*** Input data ***

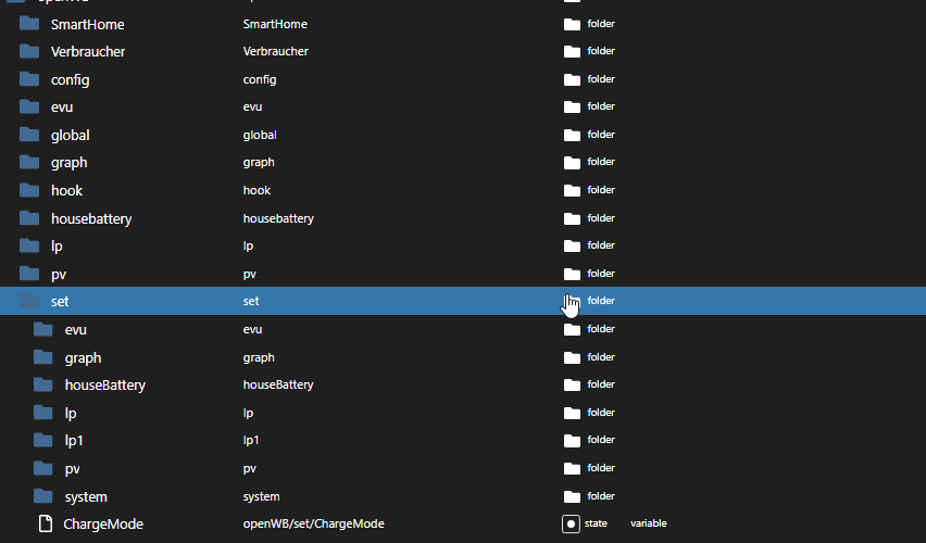 Ich arbeite mit ioBroker und bekomme da schon eine ganze Reihe an Datenpunkten von der openWB. In die openWB setzen tue ich aktuell nur den Fahrzeug SoC. Wie gesagt, so eine MQTT Topic Liste wäre toll, denn das was ich aktuell an DP`s bekomme, scheint mir nicht geeignet zu sein die Lademodi zu ändern.
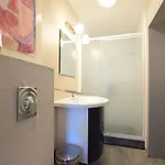 Les chambres comprennent une douche et une baignoire avec une TV, une toilette séparée et un vestiaire.
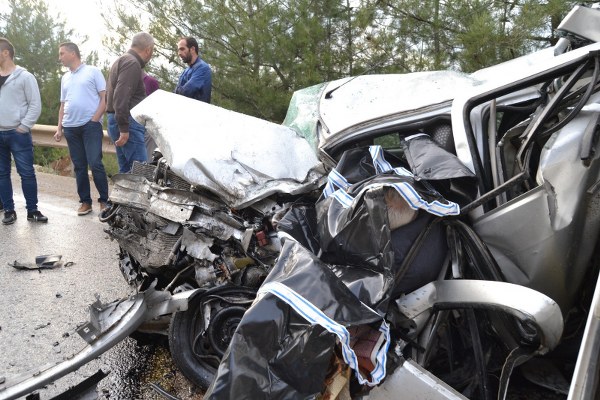 2 TIR arasında kalan otomobil hurda yığınına dönerken, sürücüsü araç içinde sıkışarak olay yerinde hayatını kaybetti.

*** End of Input data ***

▶ **What to produce**
An exact restatement is expected of the lines from the line containing "Les chambres comprennent" to the end of the data above, pictures excluded.

▶ **Answer to this task**
 Les chambres comprennent une douche et une baignoire avec une TV, une toilette séparée et un vestiaire.
 2 TIR arasında kalan otomobil hurda yığınına dönerken, sürücüsü araç içinde sıkışarak olay yerinde hayatını kaybetti.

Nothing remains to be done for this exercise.